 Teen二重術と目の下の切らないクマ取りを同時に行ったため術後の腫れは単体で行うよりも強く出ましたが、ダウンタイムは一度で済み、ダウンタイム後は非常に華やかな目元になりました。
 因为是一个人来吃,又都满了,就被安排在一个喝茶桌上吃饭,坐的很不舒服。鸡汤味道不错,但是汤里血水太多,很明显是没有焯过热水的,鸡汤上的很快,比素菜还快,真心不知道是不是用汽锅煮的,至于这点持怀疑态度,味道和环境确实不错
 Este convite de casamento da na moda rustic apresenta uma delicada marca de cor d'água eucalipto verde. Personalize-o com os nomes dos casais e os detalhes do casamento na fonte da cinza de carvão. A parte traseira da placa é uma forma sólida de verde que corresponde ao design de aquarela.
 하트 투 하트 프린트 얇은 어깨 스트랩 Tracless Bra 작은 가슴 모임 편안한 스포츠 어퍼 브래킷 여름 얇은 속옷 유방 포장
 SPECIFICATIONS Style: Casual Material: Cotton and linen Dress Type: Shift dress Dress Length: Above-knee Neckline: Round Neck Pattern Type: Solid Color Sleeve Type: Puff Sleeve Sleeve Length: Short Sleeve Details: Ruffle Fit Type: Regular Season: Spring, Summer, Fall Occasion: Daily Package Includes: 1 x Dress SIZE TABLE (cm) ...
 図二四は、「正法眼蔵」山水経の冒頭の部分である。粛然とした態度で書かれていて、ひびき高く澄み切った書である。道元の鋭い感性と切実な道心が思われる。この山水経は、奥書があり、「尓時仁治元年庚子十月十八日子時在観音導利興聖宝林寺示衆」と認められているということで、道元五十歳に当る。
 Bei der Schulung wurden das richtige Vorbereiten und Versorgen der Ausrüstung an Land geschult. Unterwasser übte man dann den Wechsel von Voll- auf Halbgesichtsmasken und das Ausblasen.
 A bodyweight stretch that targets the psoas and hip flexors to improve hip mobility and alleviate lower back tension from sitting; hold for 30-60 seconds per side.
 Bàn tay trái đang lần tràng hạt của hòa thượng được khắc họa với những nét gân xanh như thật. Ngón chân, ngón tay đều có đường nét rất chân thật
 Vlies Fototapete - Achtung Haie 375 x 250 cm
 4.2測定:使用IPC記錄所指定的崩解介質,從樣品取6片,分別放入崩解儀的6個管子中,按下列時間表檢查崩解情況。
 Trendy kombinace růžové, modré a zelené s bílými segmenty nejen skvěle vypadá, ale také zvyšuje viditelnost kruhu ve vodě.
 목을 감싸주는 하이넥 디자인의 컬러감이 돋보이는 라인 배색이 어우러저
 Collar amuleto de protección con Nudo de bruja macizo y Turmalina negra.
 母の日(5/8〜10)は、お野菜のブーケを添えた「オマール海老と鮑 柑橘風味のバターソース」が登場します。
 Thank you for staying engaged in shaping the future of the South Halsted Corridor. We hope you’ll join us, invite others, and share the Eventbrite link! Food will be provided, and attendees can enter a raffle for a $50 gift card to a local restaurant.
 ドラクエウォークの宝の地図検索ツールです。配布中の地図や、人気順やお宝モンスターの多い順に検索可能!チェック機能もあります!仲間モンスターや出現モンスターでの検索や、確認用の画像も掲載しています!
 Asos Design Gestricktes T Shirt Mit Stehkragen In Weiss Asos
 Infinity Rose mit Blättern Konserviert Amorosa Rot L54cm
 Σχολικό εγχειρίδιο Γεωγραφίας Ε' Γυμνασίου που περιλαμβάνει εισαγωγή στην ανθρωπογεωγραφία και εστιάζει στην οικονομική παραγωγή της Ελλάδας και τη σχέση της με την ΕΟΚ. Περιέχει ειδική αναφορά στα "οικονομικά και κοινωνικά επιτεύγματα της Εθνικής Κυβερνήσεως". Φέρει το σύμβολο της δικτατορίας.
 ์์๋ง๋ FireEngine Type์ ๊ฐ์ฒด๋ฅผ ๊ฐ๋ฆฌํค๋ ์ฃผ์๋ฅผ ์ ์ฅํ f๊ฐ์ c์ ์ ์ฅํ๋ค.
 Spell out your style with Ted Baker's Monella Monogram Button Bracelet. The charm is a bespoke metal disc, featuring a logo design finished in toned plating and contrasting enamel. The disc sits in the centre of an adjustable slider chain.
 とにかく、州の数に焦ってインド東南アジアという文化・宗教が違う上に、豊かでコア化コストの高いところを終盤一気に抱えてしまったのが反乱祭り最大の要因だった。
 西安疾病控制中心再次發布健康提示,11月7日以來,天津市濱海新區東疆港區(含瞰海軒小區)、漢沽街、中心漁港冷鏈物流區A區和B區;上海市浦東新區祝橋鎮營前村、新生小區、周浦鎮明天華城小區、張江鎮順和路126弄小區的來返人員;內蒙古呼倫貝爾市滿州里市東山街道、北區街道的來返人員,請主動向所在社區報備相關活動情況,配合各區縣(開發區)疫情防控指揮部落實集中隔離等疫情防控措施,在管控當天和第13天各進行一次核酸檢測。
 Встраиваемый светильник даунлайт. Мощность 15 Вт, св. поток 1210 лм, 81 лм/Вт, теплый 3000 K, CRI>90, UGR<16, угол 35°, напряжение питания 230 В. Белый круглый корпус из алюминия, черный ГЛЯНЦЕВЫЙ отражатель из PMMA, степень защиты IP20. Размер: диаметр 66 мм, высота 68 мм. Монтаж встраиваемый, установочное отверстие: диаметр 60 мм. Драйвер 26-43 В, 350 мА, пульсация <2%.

* Activity: Return exactly the lines from the beginning of the data above through the one containing "ドラクエウォークの宝の地図検", please. Include both end lines and add nothing else.

* Written answer:
 Teen二重術と目の下の切らないクマ取りを同時に行ったため術後の腫れは単体で行うよりも強く出ましたが、ダウンタイムは一度で済み、ダウンタイム後は非常に華やかな目元になりました。
 因为是一个人来吃,又都满了,就被安排在一个喝茶桌上吃饭,坐的很不舒服。鸡汤味道不错,但是汤里血水太多,很明显是没有焯过热水的,鸡汤上的很快,比素菜还快,真心不知道是不是用汽锅煮的,至于这点持怀疑态度,味道和环境确实不错
 Este convite de casamento da na moda rustic apresenta uma delicada marca de cor d'água eucalipto verde. Personalize-o com os nomes dos casais e os detalhes do casamento na fonte da cinza de carvão. A parte traseira da placa é uma forma sólida de verde que corresponde ao design de aquarela.
 하트 투 하트 프린트 얇은 어깨 스트랩 Tracless Bra 작은 가슴 모임 편안한 스포츠 어퍼 브래킷 여름 얇은 속옷 유방 포장
 SPECIFICATIONS Style: Casual Material: Cotton and linen Dress Type: Shift dress Dress Length: Above-knee Neckline: Round Neck Pattern Type: Solid Color Sleeve Type: Puff Sleeve Sleeve Length: Short Sleeve Details: Ruffle Fit Type: Regular Season: Spring, Summer, Fall Occasion: Daily Package Includes: 1 x Dress SIZE TABLE (cm) ...
 図二四は、「正法眼蔵」山水経の冒頭の部分である。粛然とした態度で書かれていて、ひびき高く澄み切った書である。道元の鋭い感性と切実な道心が思われる。この山水経は、奥書があり、「尓時仁治元年庚子十月十八日子時在観音導利興聖宝林寺示衆」と認められているということで、道元五十歳に当る。
 Bei der Schulung wurden das richtige Vorbereiten und Versorgen der Ausrüstung an Land geschult. Unterwasser übte man dann den Wechsel von Voll- auf Halbgesichtsmasken und das Ausblasen.
 A bodyweight stretch that targets the psoas and hip flexors to improve hip mobility and alleviate lower back tension from sitting; hold for 30-60 seconds per side.
 Bàn tay trái đang lần tràng hạt của hòa thượng được khắc họa với những nét gân xanh như thật. Ngón chân, ngón tay đều có đường nét rất chân thật
 Vlies Fototapete - Achtung Haie 375 x 250 cm
 4.2測定:使用IPC記錄所指定的崩解介質,從樣品取6片,分別放入崩解儀的6個管子中,按下列時間表檢查崩解情況。
 Trendy kombinace růžové, modré a zelené s bílými segmenty nejen skvěle vypadá, ale také zvyšuje viditelnost kruhu ve vodě.
 목을 감싸주는 하이넥 디자인의 컬러감이 돋보이는 라인 배색이 어우러저
 Collar amuleto de protección con Nudo de bruja macizo y Turmalina negra.
 母の日(5/8〜10)は、お野菜のブーケを添えた「オマール海老と鮑 柑橘風味のバターソース」が登場します。
 Thank you for staying engaged in shaping the future of the South Halsted Corridor. We hope you’ll join us, invite others, and share the Eventbrite link! Food will be provided, and attendees can enter a raffle for a $50 gift card to a local restaurant.
 ドラクエウォークの宝の地図検索ツールです。配布中の地図や、人気順やお宝モンスターの多い順に検索可能!チェック機能もあります!仲間モンスターや出現モンスターでの検索や、確認用の画像も掲載しています!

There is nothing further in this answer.